Today's parallel-working session at NYU was a dream. Richard Galvez (NYU) is working with Rob Fergus (NYU) to train a generative adversarial network on images of galaxies. One issue with these GANs is that a GAN can do well making fake data in a subspace of the whole data space, and still do well, adversarially. So Galvez is using a clustering (k-means) in the data space, and looking at the populations of the clusters in the true data and in the generated data, to see that coverage is good. This is innovative, and important if we are going to use these GANs for science.

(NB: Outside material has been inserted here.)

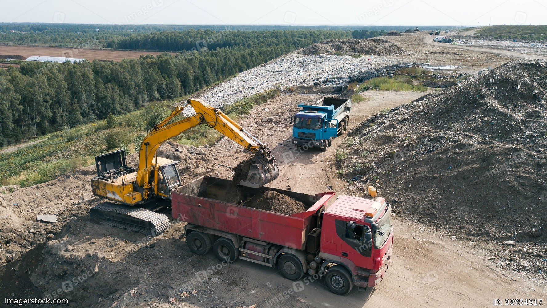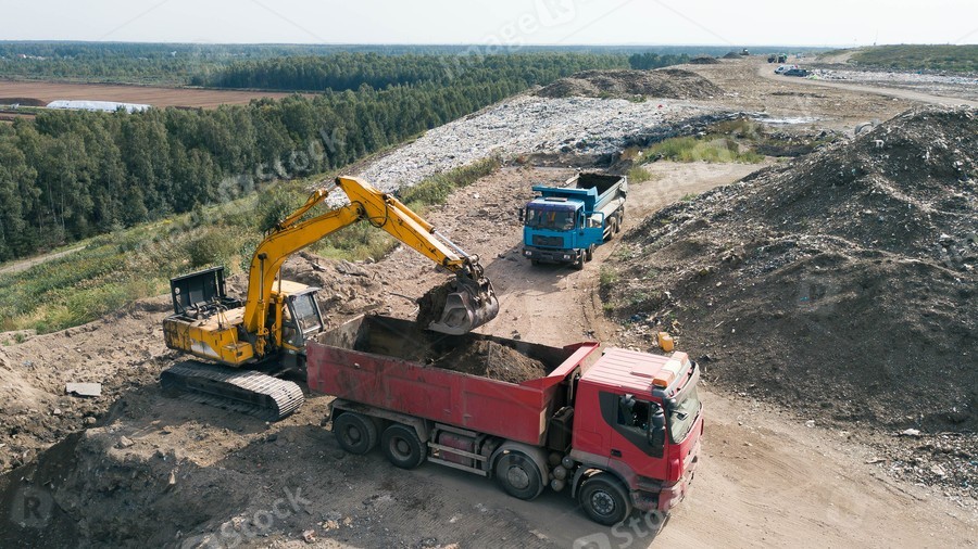 Aerial view of construction works. Earthmoving at open pit mining. Heavy equipment. Excavator loads ground in truck.

Kate Storey-Fisher (NYU) is making something like adversarial (there's that word again) mock catalogs for large-scale structure projects: She is going to make the selection function in each patch of the survey a nonlinear function of the housekeeping data (point-spread function, stellar density, transparency, season, and so on) we have for that patch. Then we can see what LSS statistics are robust to the crazy. These mocks will be adversarial in the sense that they will represent a universe that is out to trick us, while GANs are adversarial in the sense that they use an internal competitive game for training.

And as I was explaining why I am disappointed with the choices that LSST has made for broad-band filters, Alex Malz (NYU) and I came up with an inexpensive and executable proposal that would satisfy me and improve LSST. It involves inexpensive and easy-to-make stochastically ramped filters. I don't think there is an iceball's chance in hell that the Collaboration would even for a moment consider this plan, but the proposal is a good one. I guess this is adversarial in a third sense!